By: Sarah Davies
As we race towards 30 June and the end of a tax year, lots of charities are busy seeking the final donations and gifts for the year, and many philanthropists are making the final distributions from trusts and foundations. It is an important time, and significant amounts of charitable money are granted to pursue the visions, plans and opportunities we share for social, cultural, environmental and community benefit and change.
So it’s no wonder that it is also common to see media stories about fundraising and giving: our attention has been raised, we are aware and thinking about how we might support the causes we care about.
Many of these media stories are constructive and helpful: tips and suggestions on how to make good decisions, ideas on innovative and effective change-making solutions. There are also the scare stories: beware of the rip-offs, stories of fraudulent or misleading behaviour and increasingly common reports of fundraising dramas.
As a sector that employs 10% of Australia’s workforce, representing about 7% of the GDP, it’s disappointing, but not unexpected, that some of those workers will behave unprofessionally or seek to feather their own nests at the expense of others. The community and not-for-profit sector will (unfortunately) have its share of the bad apples. Good, strong regulation, governance and compliance systems coupled with appropriate penalties and consequences are what’s need to mitigate and manage this risk. As are good education and regular reminders about what’s needed and expected.
Where these media stories create damage is when they are plain wrong and misleading. There have been enough examples now to urge caution about believing what you read. A recent article in Brisbane’s Courier Mail, headlined that charities spend 83% of their revenue on fundraising. It was a 2 month investigation of 45 charities and drew some adamant conclusions about fundraising practice. One of these conclusions, for example, was that a particular charity spent 10% more on fundraising costs than it actually received in total donations. On checking this claim, the organisation’s publicly available audited accounts reported the actual cost of fundraising at 22% of gross fundraising revenue. The journalist did not appear to be able to read and interpret financial statements accurately (quoting a revenue figure that was in fact an expenses figure; citing a cost of fundraising figure that was in fact the organisation’s total community program expenditure, etc).

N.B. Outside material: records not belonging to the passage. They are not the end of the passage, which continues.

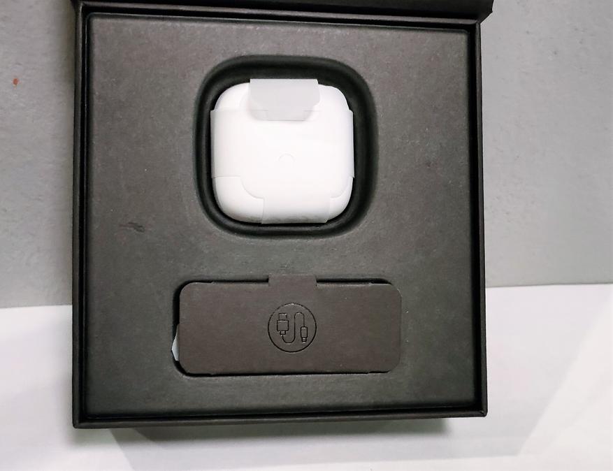 Теперь нам следует поднять конверт, а за конвертом в прочных пластиковых нишах вложен кейс, внутри которого спрятались сами наушники, а также коробочка с индикацией о том, что там лежит кабель. Действительно, в коробочку положили кабель в индивидуальном пакетике. В комплекте для зарядки используется кабель USB-TypeC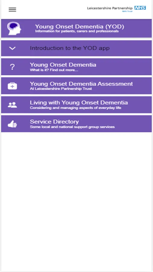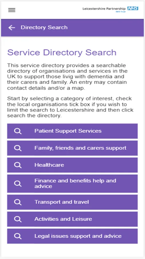 Ideally, this app can be presented to patient and carers at the time of diagnosis so that in their own time, patient and family members can use guidance to help them to manage all aspects of their life and more importantly signpost them to an array of services and organisations that provide specialist support and information, locally, regionally and nationally. Signposting within the service directory section is categorised, such as; finances, transport, employment, living well, relationships, etc. with contact details for these resources and links to websites such as Alzheimer’s society and YoungDementia UK.
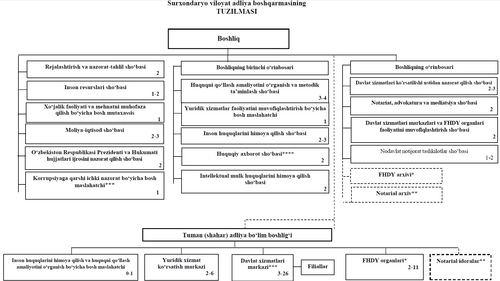 Surxondaryo viloyat adliya boshqarmasining TUZILMASI

This is not new. A few years ago both the Victorian Age and Herald Sun ripped into a charity for excessive fundraising costs. When challenged, both papers withdrew their articles and issued formal apologies, saying the errors were “due to a misreading of the financial accounts” (i.e. excluding over $10 million in income from fundraising from their analysis).

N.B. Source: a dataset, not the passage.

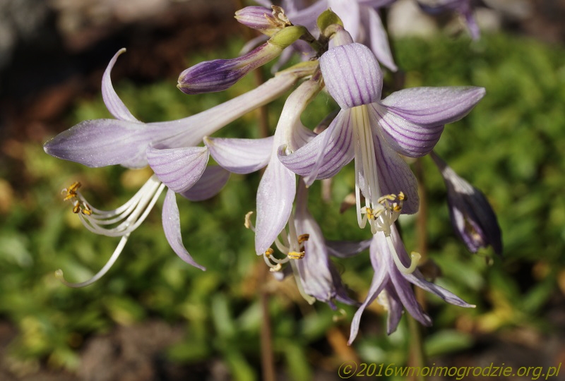 Kwiaty pojawiają się w lipcu, są pajęczego kształtu o mocno wywiniętych płatkach i w jasnolawendowym kolorze. Wcześniejsze pąki ciemniejsze, w odcieniu purpury. Całość kwiatostanów zwraca na siebie uwagę i podkreśla urodę "Faithful Heart". To kolejny przykład hosty, której rozmiar wcale nie przeszkadza aby być zauważoną...

Fundraising is hard, good reputations are hard to earn and trust is critical. Charities rely on a ‘social license to operate’ which means that if trust and legitimacy are lost, then so are their donations. Inaccurate reporting causes untold damage in a sector which relies on trust and generosity to build its supporters. This is in no way to condone organisations and people who do the wrong things – they should be held accountable. Transparency and accountability are critical: and now we have the ACNC we can easily check their register, check compliance and read financial statements for ourselves. Whilst organisations which do the wrong thing must be held to account, it’s increasingly apparent that the media must also be more responsible in terms of reporting on charities – sloppy research which leads to flawed league tables full of errors can destroy the reputation of charities which have worked hard to build them up.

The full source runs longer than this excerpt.